For instance, https://doi.org/10.17882/42182#92121 points toward the snapshot archived on February 10st 2022. Simply download the tar archive file (about 44Gb) and uncompress it locally.
You’re done !
Synchronized copy#
If you need a local Argo database always up to date with the GDAC server, Ifremer provides a nice rsync service. The rsync server “vdmzrs.ifremer.fr” provides a synchronization service between the “dac” directory of the GDAC and a user mirror. The “dac” index files are also available from “argo-index”.
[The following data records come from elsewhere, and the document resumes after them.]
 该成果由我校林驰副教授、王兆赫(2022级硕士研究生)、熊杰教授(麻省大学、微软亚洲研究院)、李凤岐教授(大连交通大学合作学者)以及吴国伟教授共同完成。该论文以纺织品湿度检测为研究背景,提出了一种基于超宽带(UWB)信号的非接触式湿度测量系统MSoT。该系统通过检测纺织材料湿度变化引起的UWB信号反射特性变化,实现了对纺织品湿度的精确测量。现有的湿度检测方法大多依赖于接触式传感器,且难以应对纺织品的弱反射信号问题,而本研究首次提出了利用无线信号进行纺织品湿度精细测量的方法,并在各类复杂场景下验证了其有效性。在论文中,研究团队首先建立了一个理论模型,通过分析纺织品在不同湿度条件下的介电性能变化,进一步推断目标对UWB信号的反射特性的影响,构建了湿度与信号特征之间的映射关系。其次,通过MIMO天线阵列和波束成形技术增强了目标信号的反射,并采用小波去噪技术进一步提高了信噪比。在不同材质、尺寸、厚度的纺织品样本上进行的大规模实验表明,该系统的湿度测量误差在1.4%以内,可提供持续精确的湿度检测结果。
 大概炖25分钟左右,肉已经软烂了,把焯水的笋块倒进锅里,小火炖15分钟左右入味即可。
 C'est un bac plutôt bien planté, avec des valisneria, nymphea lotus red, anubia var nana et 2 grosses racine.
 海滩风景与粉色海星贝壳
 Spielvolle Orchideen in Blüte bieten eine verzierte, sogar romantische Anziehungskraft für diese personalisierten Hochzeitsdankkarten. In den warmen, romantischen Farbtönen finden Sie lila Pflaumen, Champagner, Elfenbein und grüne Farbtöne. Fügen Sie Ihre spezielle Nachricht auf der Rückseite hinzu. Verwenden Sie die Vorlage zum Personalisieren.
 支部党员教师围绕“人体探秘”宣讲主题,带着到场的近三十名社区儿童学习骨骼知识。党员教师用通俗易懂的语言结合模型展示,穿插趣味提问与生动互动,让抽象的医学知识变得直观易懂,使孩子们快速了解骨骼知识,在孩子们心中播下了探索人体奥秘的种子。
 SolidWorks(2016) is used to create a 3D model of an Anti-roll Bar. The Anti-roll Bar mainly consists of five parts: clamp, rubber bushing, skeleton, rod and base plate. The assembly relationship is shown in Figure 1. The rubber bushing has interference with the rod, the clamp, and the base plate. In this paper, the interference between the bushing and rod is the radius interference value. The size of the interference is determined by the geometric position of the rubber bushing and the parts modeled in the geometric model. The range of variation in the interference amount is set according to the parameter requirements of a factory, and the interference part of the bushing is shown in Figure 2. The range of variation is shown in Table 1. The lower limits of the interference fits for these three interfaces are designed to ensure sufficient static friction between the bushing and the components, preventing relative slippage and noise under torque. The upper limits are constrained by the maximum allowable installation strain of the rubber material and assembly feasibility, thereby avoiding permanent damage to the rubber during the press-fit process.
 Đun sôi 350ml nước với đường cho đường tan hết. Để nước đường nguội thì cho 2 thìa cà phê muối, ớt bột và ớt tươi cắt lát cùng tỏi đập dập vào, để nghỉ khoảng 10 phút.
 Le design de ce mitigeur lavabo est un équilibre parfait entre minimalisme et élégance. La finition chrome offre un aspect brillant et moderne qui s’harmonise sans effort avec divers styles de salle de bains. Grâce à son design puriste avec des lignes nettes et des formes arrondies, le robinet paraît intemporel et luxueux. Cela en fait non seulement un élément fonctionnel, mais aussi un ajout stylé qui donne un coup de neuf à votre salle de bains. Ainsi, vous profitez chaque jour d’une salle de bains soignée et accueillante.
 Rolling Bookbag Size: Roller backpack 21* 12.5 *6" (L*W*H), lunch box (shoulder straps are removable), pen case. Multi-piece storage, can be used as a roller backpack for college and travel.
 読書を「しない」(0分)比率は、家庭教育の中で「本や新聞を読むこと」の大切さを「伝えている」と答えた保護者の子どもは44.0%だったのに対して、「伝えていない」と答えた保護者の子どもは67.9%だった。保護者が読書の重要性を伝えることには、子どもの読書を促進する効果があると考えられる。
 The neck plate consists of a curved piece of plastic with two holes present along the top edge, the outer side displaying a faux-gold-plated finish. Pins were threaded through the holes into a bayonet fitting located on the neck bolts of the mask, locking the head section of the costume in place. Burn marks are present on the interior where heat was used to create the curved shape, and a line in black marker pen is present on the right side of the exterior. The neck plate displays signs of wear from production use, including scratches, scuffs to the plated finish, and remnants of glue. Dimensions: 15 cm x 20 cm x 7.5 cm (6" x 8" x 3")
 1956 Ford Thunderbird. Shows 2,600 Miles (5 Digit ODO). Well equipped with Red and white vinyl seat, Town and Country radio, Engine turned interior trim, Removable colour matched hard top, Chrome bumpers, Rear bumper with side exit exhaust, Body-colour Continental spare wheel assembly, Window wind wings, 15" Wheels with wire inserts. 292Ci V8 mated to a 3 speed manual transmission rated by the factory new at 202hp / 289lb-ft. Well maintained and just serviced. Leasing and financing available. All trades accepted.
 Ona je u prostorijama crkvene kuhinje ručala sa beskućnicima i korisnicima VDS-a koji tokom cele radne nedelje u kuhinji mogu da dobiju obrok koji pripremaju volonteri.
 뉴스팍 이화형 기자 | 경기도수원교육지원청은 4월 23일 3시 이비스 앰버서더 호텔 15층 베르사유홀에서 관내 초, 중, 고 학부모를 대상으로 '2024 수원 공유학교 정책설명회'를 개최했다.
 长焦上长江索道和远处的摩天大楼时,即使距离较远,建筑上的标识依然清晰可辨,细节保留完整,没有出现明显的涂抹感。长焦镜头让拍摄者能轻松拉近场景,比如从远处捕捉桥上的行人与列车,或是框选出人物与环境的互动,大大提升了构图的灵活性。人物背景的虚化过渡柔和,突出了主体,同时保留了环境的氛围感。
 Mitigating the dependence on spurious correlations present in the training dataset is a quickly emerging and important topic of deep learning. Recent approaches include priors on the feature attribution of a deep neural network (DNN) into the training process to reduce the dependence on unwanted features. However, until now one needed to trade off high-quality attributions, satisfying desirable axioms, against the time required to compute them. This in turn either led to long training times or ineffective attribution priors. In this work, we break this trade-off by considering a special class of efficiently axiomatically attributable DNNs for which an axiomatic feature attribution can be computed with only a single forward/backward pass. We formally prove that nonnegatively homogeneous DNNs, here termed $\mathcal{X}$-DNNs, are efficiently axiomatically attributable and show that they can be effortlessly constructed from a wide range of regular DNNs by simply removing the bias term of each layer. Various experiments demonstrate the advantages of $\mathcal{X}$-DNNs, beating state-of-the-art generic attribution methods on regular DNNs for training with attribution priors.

From the user side, the rsync service:
Downloads the new files
Downloads the updated files
Removes the files that have been removed from the GDAC
Compresses/uncompresses the files during the transfer
Preserves the files creation/update dates
Lists all the files that have been transferred (easy to use for a user side post-processing)
To synchronize the whole dac directory of the Argo GDAC:
rsync -avzh --delete vdmzrs.ifremer.fr::argo/ /home/mydirectory/...
To synchronize the index:
rsync -avzh --delete vdmzrs.ifremer.fr::argo-index/ /home/mydirectory/...
Note
The first synchronisation of the whole dac directory of the Argo GDAC (365Gb) can take quite a long time (several hours).